Image caption A Galway soup kitchen offers help in harsh times

Times are hard in Ireland - but the country still has heart.

Off a side street in the west coast city of Galway is one of a growing number of new eateries in the Republic... the charity soup kitchen.

In the Twist Soup kitchen, Keith Daly has just finished a plate of beef stew.

"I just find it hard at the moment, I had painting and decorating work three years ago on building sites, but it's all gone now.

"I have nothing and basically this place has been a lifeline for me, I come here to get help with food."

The charity kitchen offers free food to those who cannot afford to pay: those who can afford it are asked to make a donation.

Supporters of the venture are asked to pay too.

Sitting at the next table in the cafe in Galway's Queen Street is Kieran Coneely.

Until recently the 42-year-old never thought he would need the services of a soup kitchen.

"Never, ever did I think I'd need to come to such a place.

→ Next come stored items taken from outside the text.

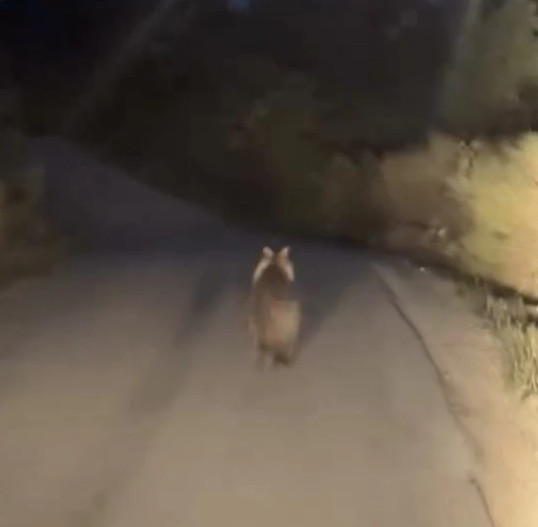 Çanakkale’nin Biga ilçesinde seyir halinde olan aracın önüne çıkan ayı bir süre araç ile adeta yarıştı. O anlar cep telefonu kamerasına yansıdı.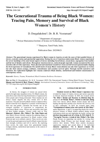 Durgalakshmi, D. and Veeramani, B. R. (2025) The Generational Trauma of Being Black Women: Tracing Pain, Memory and Survival of Black Women’s History. International Journal of Innovative Science and Research Technology, 10 (8): 25aug605. pp. 727-729. ISSN 2456-2165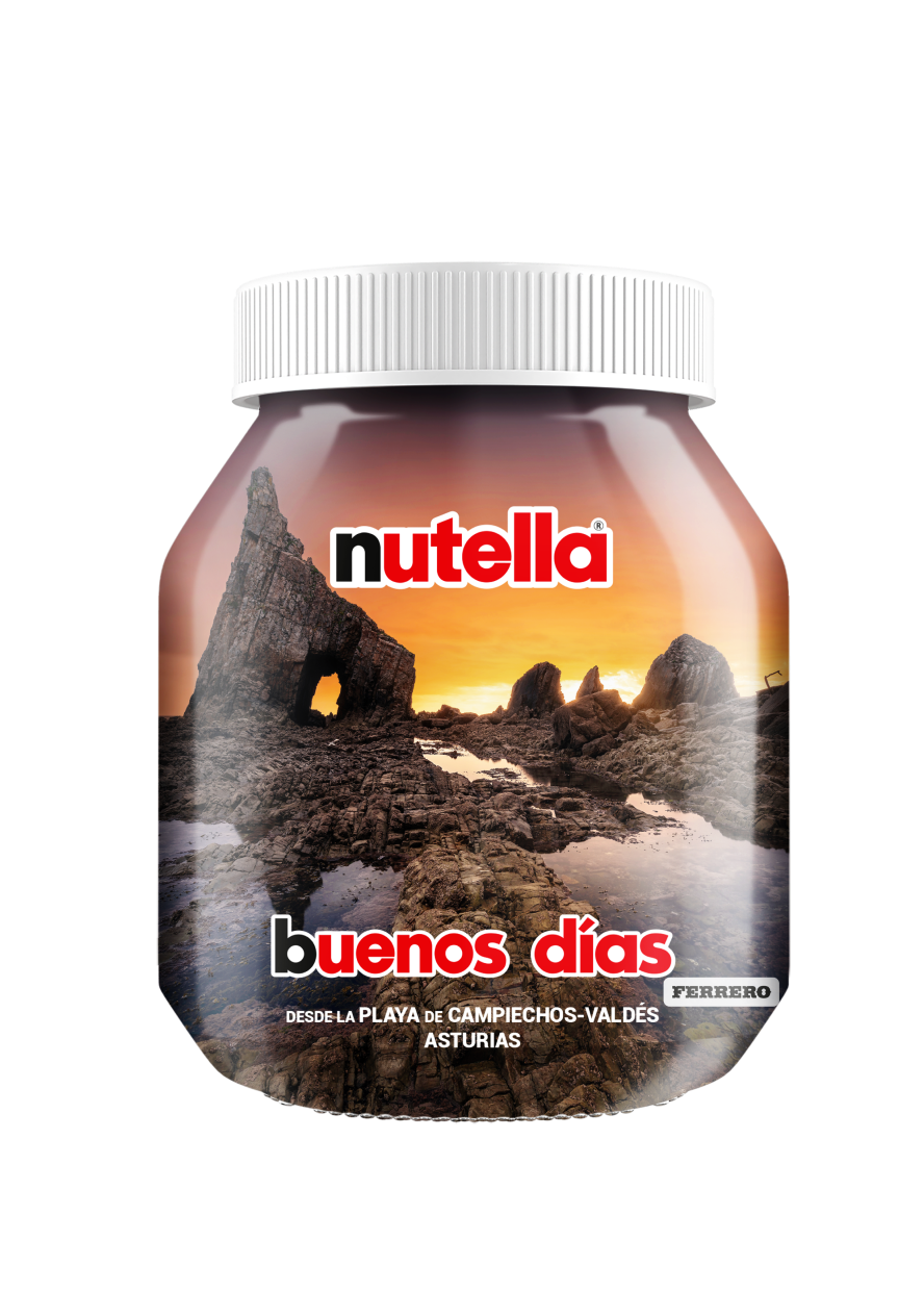 L’impresionante amanecer n’una sablera asturiana que protagoniza una campaña de publicidá. «Un bon día empieza en casa», reza’l eslogan. Un total de 17 llugares d’España protagonicen la nueva campaña de Nutella. Han estampáu 17 amaneceres nos sos tarros de crema de cacáu. Asturies ye la protagonista d’una remesa d’estos nuevos botes insipirados nel amanecer onde puede lleese «Bonos díes».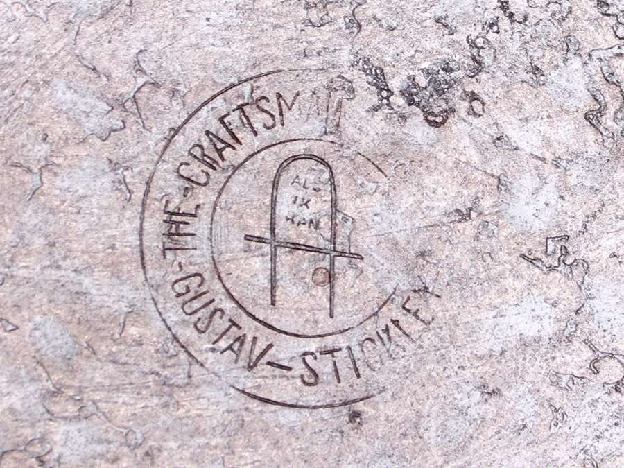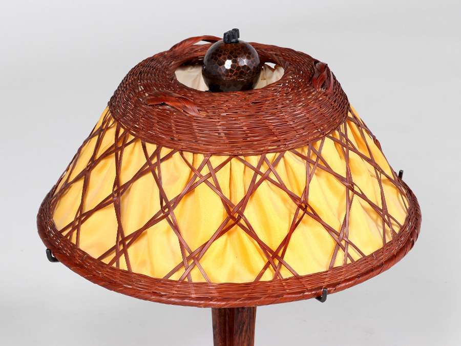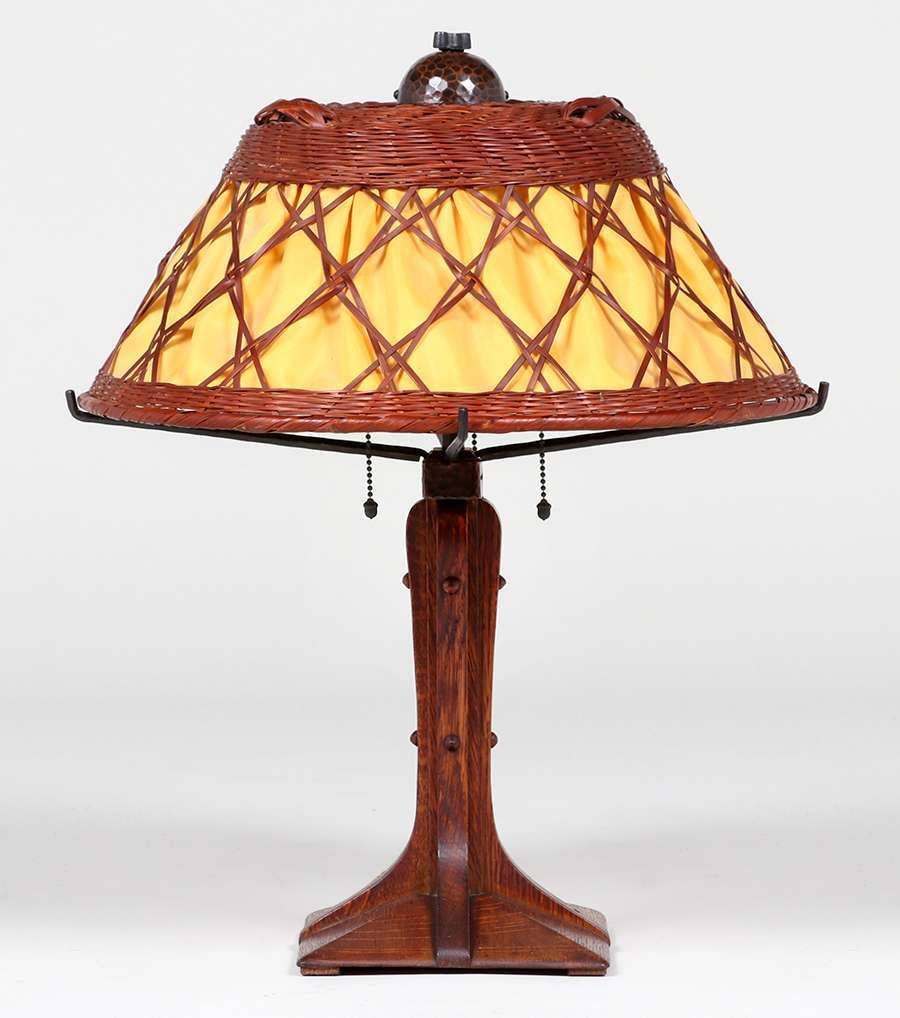 - Gustav Stickley Oak & Japanese Wicker Lamp c1910

"But now, I've lost jobs, lost my family, lost houses, I've lost everything and I have nothing else to do.

"This is the only place I meet people that are in the same boat as me, that are stuck."

The soup kitchen is run by a former helicopter pilot, Oliver Williams, who once needed similar help while homeless in London in the 1980s.

"I was only 15 and I ended up going into a place called Centrepoint in Soho.

"They took me in and gave me a meal and a bed and some good advice and put me on the right track, when I could have ended up on the wrong track.

'Giving back'

"I was fortunate, and I always said I would do the same some day in my own country, as a way of giving something back."

A recent report, commissioned by the Dublin government, found that 10% of people in the Republic of Ireland are living in food poverty.

"What surprises me the most is the type of people that come in to see me," explains Oliver Williams.

"Ordinary family people that have fallen on hard times and can't afford to make ends meet."

The trend in Galway, like many towns across the Republic, is for businesses to close.

Soup kitchens however buck the trend.

And the town of Athlone, situated some 100km (60 miles) east of Galway, is where Oliver Hayes will next week open another soup kitchen.

"I'd love to see this place closing down, but that's not going to happen," says Oliver Williams.

"In Galway we are feeding on average 85 people a day, but the numbers are rising slowly and I think we will be busier in Athlone."

Kieran Coneely remains hopeful that he will find work.

"In the next couple of years I hope to God I get back on track."

"Get a job, see my kids, get my own place, I don't know if it will happen. I'm living every day as it comes."